A new study by McKinsey and LeanIn.org unsurprisingly shows that women are still severely underrepresented at tech firms throughout the country and that the (few) women already at tech firms believe their gender is holding them back from promotions.
The Wall Street Journal recently published an article on the study's findings and included some pretty graphs and tables and whatnot. In any case, here's the gist of the quantitative results:
Researchers found that women make up 36.8% of entry-level workers in tech; in other industries, women account for nearly half of entry-level workers …
Some 29.9% of female tech employees polled said they felt gender played a role in their missing a promotion or raise, and 37.1% of female tech employees said they felt their gender would disadvantage them in the future. In nontech fields, a smaller share of women—21.6% and 22.8% respectively—felt that way.
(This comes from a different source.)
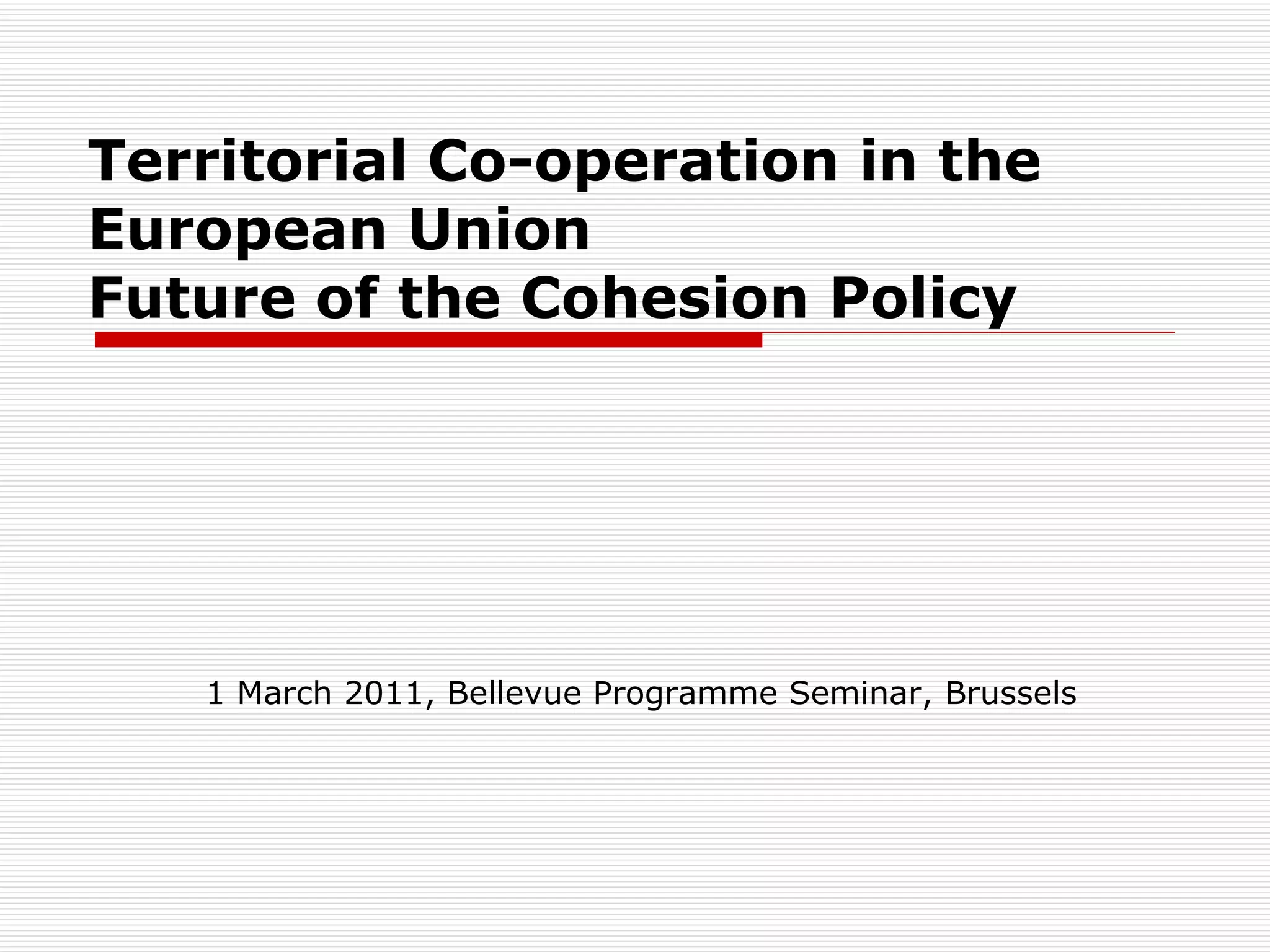 Territorial co-operation in the EU focuses on reducing disparities between regions and promoting economic and social cohesion. It includes cross-border cooperation programs along internal and external EU borders, transnational programs covering larger areas, and interregional cooperation building networks across Europe. Macro-regional strategies have also been developed for the Baltic Sea and Danube regions to coordinate actions addressing challenges like environmental issues, economic development gaps, and poor transport connectivity.

Most interesting in the Journal's piece are the two tactics that a few very large and prestigious tech firms are using to try to hire more women (one tactic oddly comes from perhaps the most un-female-friendly organization on the planet).
Facebook Inc. and Pinterest Inc. have tried out an approach known as the Rooney Rule, which requires that at least one woman or underrepresented minority be interviewed for open jobs. The Rooney rule was born in the National Football League as a way to ensure that teams interviewed minority candidates for head-coaching jobs.
Cisco is ensuring that job candidates encounter at least one interviewer of their same gender or ethnicity, a practice that has resulted in a roughly 50% increase in the odds a woman will be hired for a given position, said Ruba Borno, a Cisco vice president and chief of staff to Chief Executive Chuck Robbins.
Incidentally, two days ago, the NFL indicated that it's going to start using the Rooney Rule to not only hire more minority head coaches but also to hire more women in front offices across the league.
In any case, while it's encouraging that tech firms are using the aforementioned tactics to increase female headcount and are succeeding somewhat, it's also discouraging that tech firms still have to force themselves to use special tactics to hire more women. That is, it's discouraging that there's still such an innate gender bias in Silicon Valley.
You would think that all the innovation and forward-thinking that supposedly runs through the veins of the country's largest tech firms would spread to the openness of these firms' cultures and hiring processes. However, again and again, in study after study, in anecdote and after anecdote, this has proven not to be the case. Instead, when it comes to female diversity, Silicon Valley has proven to be no better (or no worse) than other U.S. industries, including traditionally male-dominated industries like Wall Street.